Despite his efforts to accommodate animated documentary in the second edition, Nichols has overlooked a significant portion of the discipline. The films he cited are certainly exemplars of the animated documentary cannon, however, Honess Roe, proposed a modal distinction between the films Nichols discussed and what she describes in her own topology as examples of mimetic substitution. The Sinking of the Lusitania (McCay, 2018) and the series Walking With Dinosaurs (BBC, 1999) use animation to replace absent or what would be impossible footage (2011, p.226). In the former, the intertitles represent the U.S. government’s propagandist motivations, and in the later a voice-over matches the contentions of natural history documentaries, linking both examples to the expository mode.

With Nichols’ “mix and match” approach in mind, my previously proposed architectural metaphor now appears to be superficial and inadequate. In its place I envisage a more complex gravitational system model, akin to a solar system, which may elucidate the interactions between the genre, modes of practice, and individual films.

Each mode, with its own gravitational field, orbits the documentary genre. In this model an individual film moves through the figurative solar system, initially guided by the directors intentions. The production’s progress is influenced by a number of gravitational fields in varying strengths, shaping the film’s trajectory. Some will arrange themselves like satellites, in tight orbits of a single mode, others will form a complex series of arcs as they travel between modes, through the system.

When extending the metaphor to account for the difference between animated and live action documentaries, one can observe that the two disciplines tend to be drawn to particular modes, and offer distinct qualities. Comparing the medium to a vehicle, allows us to account for animation’s time consuming nature, and thus these productions have a slower means of propulsion. Live action, which often involves larger crews for a shorter period of time, can be represented by larger, faster shuttles. Educational or industry training may be equivalent to a starting position or resting place. I imagine two distinct stations orbiting the documentary sun, one which services animation shuttles, the other larger live action ships.

The movement of the modes, in their orbit of the genre, may roughly characterise the shifts in trends throughout documentary history. Live action expository films, for instance, gradually rose and fell in prominence during the 20th Century. This tendency can be represented by the relative proximity of the two orbiting bodies at any given time. Tracking the 100 years would show the modes gradually rotating clockwise around the genera, before reaching their current position represented in figure 3.

Figure 3: Tracking modal influence and mediums used in Music & Clowns through a gravitational system model of the documentary genre, Alex Widdowson, 2018

Navigating documentary modes through animated documentary practice

Case study 1: Jamie’s aspiration to be a clown vs. his appreciation of clowns. Facilitating and visualising verbal metacommentary to further distinguish contrasting perspectives, manifested in the performative mode.
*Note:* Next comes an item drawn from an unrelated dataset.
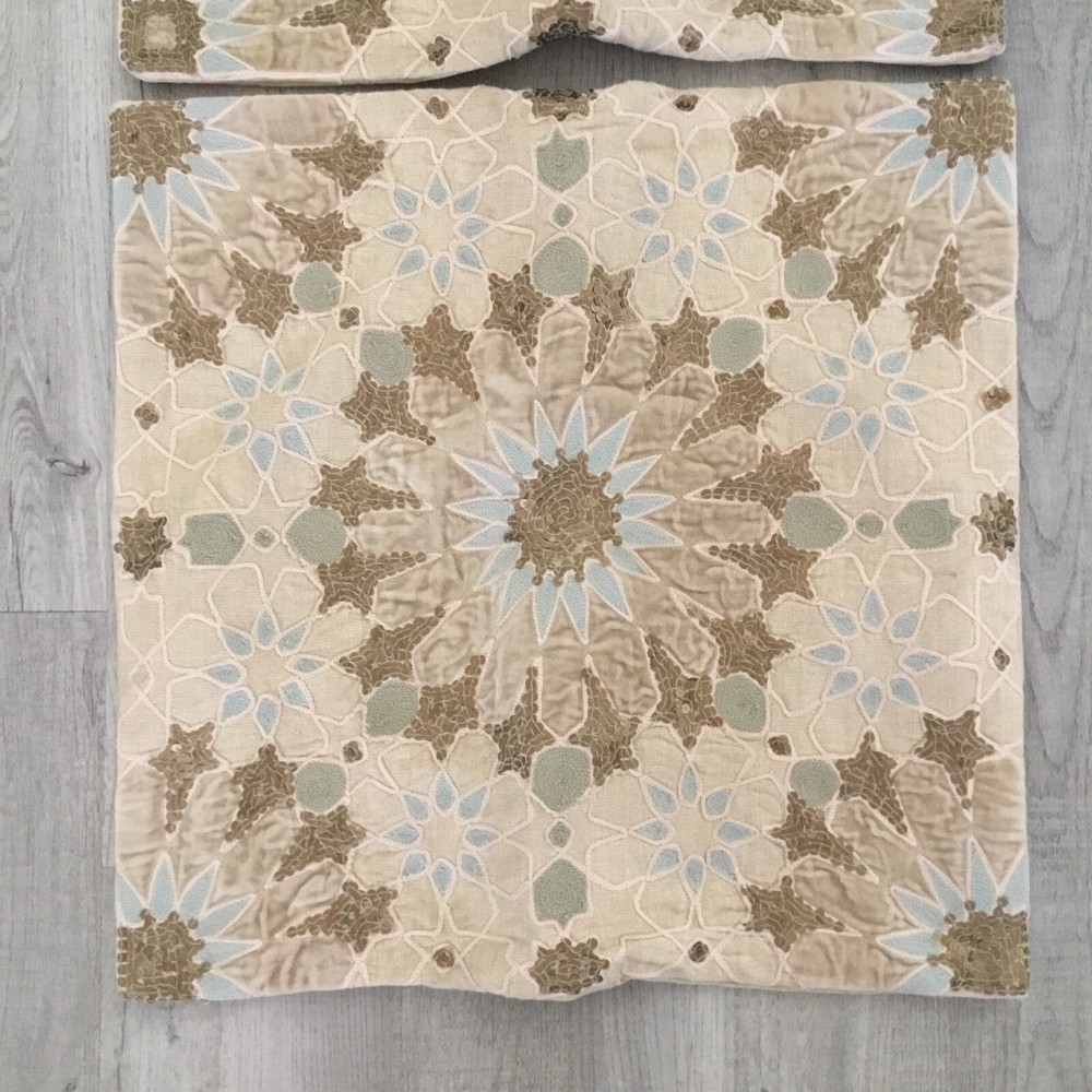 Pottery Barn 18X18 Sequined Cream With Light Blue Pillow Cases Covers Lot of 2 Both in good condition Please let me know if you have any questions O

Music & Clowns is one of six films produced by the inaugural year group of animation masters students graduating, from the documentary pathway, at the Royal College of Art (RCA). Initially conceived by Joan Ashworth and Sylvie Bringas, following Ashworth’s departure as programme leader, Birgitta Hosea oversaw its launch in 2015. This coincided with the first Ecstatic Truth symposium, hosted by the RCA, and organised by Tereza Stehlikova and Hosea.

Figure 3, which tracks detectable influences from Bill Nichols modes of documentary in my graduate film, Music & Clowns, is a testament to how effective the master’s degree has been in familiarising me with documentary discourse. In addition to this training much of the success of this project is attributed to working with my family. It became clear early in development that 30 years of first hand experiences of my subjects facilitated unlimited access and provided an enormous advantage.

The performative qualities of animated documentary, argued by Strøm (2003) and Patrick (2004), and supported by Nichols’s reading of specific examples (2010, 111), are conceptually dominant in Music & Clowns. Nichols characterises performative documentary as, resisting the western philosophical tradition of knowledge as abstract and universal, instead promoting forms of knowledge that are subjective, constructed from lived experience and personal interpretation. Nichols emphasises that the performative mode promotes an interpretation of meaning as a “affect-laden phenomenon” (2001, 131). Jakub Traczyk, Agata Sobkow, and Tomasz Zaleskiewicz, faculty members from the University of Social Sciences and Humanities, Wroclaw, consolidate various definitions of affect-laden as follows:

People differ in the ease with which they create vivid mental images of various objects and situations. Consequently, affect-laden mental images should evoke emotions that differ in intensity in people who vary in mental imagery ability.

(2015, para. 35)

In the context of performative animated documentary, a directors role is to expand and articulate a subject’s affect-laden reading of a situation. The ambiguous nature of Jamie’s communication strategies provide numerous opportunities for this. The most tangible evidence for what Jamie is thinking at any time is his frequent reference to key interests. These include family members, favoured musicians, clowns, and the circus. More often than not these words or phrases are proclaimed spontaneously. The limitations on his ability to engage in dialogue makes it hard to contextualise his assertions and decipher his thought process. Despite not knowing what goes on in his head, the rest of the family are prone to speculation, often drawing different conclusions. For instance, while Anna thinks Jamie’s fascination with clowns must indicate that he has aspirations to be one, David disputes this, believing Jamie is drawn to clowns because their comedy is communicated almost entirely through body language and therefore more legible to him than other humour. Inspired by Samanta Moore’s “collaborative cycle” methodology (2014, pp. 105-125), I capture my parents differing perspectives by recording David’s feedback as he watched an early version of the film, featuring Anna’s speculations about Jamie’s aspirations. I then incorporated David’s verbal metacommentary into a later version of the film. This created space for David to narrate a shift in style between the two scenes, both of which are simulations of their respective affect-ladened interpretation of Jamie’s aspirations (see figure 4).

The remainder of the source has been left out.